新たに「みなかみユネスコ・エコパーク」が仲間入り
2017年6月14日、フランス・パリから朗報がもたらされました。群馬県みなかみ町を中心とする「みなかみユネスコ・エコパーク」がUNESCO(国連教育科学文化機関)の理事会で、満場一致で正式に登録されたのです。
ユネスコエコパークとは
ユネスコ・エコパークは、「ユネスコ・人と生物圏事業(MAB : Man and Biosphere Programme)」の中で、“人と自然環境のよりよい関係を作り上げるための研究と活動を模索する場所”として指定される地域(*)です。自然の恵みを活かした「持続可能な未来、地域づくり」に取り組んでいる場所が選ばれ、世界120カ国669箇所が指定されています。
*英語では、Biosphere Reserve。生物圏保存地域と訳されていますが、日本では愛称として「エコパーク」が使われています。
「生物圏(英語ではBiosphere)」というのはあまり聞きなれない言葉ではないでしょうか。実はこの事業、世界遺産条約が生まれる1年前の1971年から45年以上も続いている事業です。生物圏も当時から使われていた概念です。事業の根底にある理念は古いどころか最先端と言って良いでしょう。

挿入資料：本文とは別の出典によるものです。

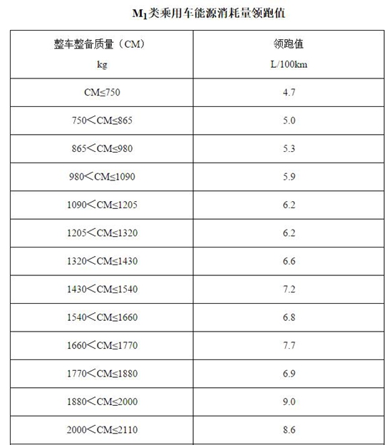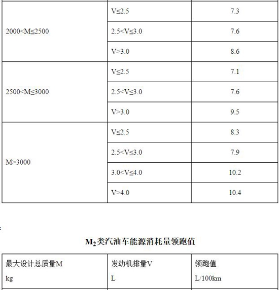 1.乘用車:最大設(shè)計總質(zhì)量不超過3500kg的M1類車輛,能源消耗量領(lǐng)跑值見附表1;

世界遺産条約が、当初人の手が加わっていない原生的な自然環境の保護を重視していたのに対し、エコパークは、重要な自然は守りつつ、その周りで営まれる持続可能な形で自然資源を活用する人々の暮らしの場も一体として保全していくことを目指していました。人と自然の適切な関係づくり、社会科学と自然科学の融合。今私達の社会でとても大事とされるテーマを半世紀近く前から取り組んできたと考えると、この事業のすごさというのが伝わるのではないでしょうか。

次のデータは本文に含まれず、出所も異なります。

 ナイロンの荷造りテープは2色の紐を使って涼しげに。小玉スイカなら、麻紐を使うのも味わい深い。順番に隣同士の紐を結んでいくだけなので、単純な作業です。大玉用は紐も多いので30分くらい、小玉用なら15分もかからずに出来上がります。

この古くて最先端のユネスコの取り組みとその中で指定されるエコパークは、現在、国連全体にかかる世界目標「
持続可能な開発目標(SDGs)」の実現を体現する場と位置づけられ、ますます国際社会の注目が集まる事業となっています。
みなかみがユネスコ・エコパークに登録されるまで
持続可能な未来の実現をめざす場として、日本のみなかみ地域が選ばれたのはとても誇らしい結果です。1990年代前半、ここには大規模なダムとスキー場の計画がありました。日本自然保護協会は、代々大切にしてきた水源の森を失うわけにはいかないと考えた地元の方たちとともに、科学的視点から社会問題として訴え、保護活動を始めました。吹雪の中のイヌワシやクマタカの調査、関係者とのたびかさなる交渉など10年以上の年月をかけて計画が白紙に戻って以降は、林野庁や地域協議会との二人三脚で、自然を活かした地域づくりをこの地で展開して来ました。この活動(赤谷プロジェクト)も評価されてのことだと嬉しく思っています。

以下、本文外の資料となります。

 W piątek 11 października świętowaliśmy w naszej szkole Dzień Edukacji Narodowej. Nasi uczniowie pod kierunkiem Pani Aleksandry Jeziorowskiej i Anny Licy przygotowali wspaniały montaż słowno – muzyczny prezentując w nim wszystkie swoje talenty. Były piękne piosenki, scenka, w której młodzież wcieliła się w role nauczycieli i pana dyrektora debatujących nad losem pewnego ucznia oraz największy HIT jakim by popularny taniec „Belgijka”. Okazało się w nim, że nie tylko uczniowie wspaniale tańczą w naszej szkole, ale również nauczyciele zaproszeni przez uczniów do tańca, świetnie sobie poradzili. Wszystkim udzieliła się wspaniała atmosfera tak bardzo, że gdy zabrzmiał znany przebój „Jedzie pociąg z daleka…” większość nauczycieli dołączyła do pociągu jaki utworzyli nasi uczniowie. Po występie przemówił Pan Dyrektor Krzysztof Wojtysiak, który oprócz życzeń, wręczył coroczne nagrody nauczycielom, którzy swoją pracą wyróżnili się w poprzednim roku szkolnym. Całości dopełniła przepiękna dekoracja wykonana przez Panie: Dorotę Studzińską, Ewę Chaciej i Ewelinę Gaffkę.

日本自然保護協会では、この度指定された「みなかみユネスコ・エコパーク」、2013年に指定された「綾ユネスコ・エコパーク(宮崎県)」など、自然を活かした地域づくりの一環として、日本各地のエコパークを支援してきました。これらの地域に是非足を運んでいただき、人と自然の共生を目指す地域の活動を応援していただきたいと思います。
●道家 哲平 (どうけ てっぺい)
公益財団法人 日本自然保護協会 経営企画部 副部長
国際自然保護連合(IUCN)日本委員会 副会長 兼 事務局長
生物多様性条約の NGO における第一人者。国際的な情報収集・分析を行い、生物多様性保全の底上げに取り組んでいる。特に、国内では、2020 年までに日本から愛知ターゲットの達成を目指し、企業や団体、自治体など多分野のセクターのネットワーク化を行いながら、地域や企業の生物多様性戦略、「にじゅうまるプロジェクト」などを推進。
大学院で研究していた哲学という異色の専門を活かし、世界の自然保護の問題を理解し、日本の課題・解決策に活かす、「世界のコトを日本のコトに」をモットーに奮闘中。プライベートでは、かわいい子どもたちの子育てが趣味という3児のパパ。